As we create content and digitize images, oral histories, transcripts, etc. we need to adopt well-defined file naming conventions so that these electronic files can be quickly and unambiguously identified. To that end, here is a proposed standard:
Rules:
- Only use lower-case - since linux is case-sensitive, this will avoid problems.
- No spaces - the web cannot handle spaces in file names, so it's best not to use them in our file names. Periods, underscores, and hyphens are all good substitutes, but I propose we use a hyphen as our standard replacement for a space since it can be seen when underlined, as is the case with links. Since we've already adopted periods in the accession number, it makes sense to stick with that, but only for the accession number part of the name
- No punctuation - filenames shouldn't have punctuation other than a period or a hyphen. Characters like the following will cause problems with scripts and the operating system and must not be used: # / \ , $ % ^ & * ( ) @ ! ~ { } [ ] ` >.
- Start with accession number - since this is our basic identifier it makes sense to start with it.
- General to specific - Refinements to further specify the file name should come at the end of the filename, so that we can still easily search and list related objects because they share the same starting accession number.

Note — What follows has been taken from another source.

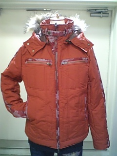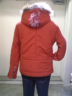 ライダース中綿ジャケット後ろ姿。フード取り外し可能。

By putting the most specific information at the end of the filename, the related files will sort together, and can be accessed easily with regular expressions
With these rules in mind, here are a few 'valid' file names:
The following names all share the same file name, but differ only in the file-type, which is fine:
2007.500.144-eartha.mp3
2007.500.144-eartha.wav
2007.500.144-eartha.odt
Notice that the name 'eartha' is there to help us see what it is. Without that, we'd have to remember what the number refers to, which would be difficult when you're looking at 1000 files.
Here are three more names which have refinements at the end to help resolve different versions:
2007.500.144-eartha-a.wav
2007.500.144-eartha-b.wav
2007.500.144-eartha-c.wav
The refinement specifier should contain information that helps identify the nature of the differences, for example, the following might be used to resolve between two different image resolutions:
2007.500.144-eartha-1600x1200.jpg
2007.500.144-eartha-640x480.jpg
We will develop standard conventions for these kind of differences as we evolve this naming spec.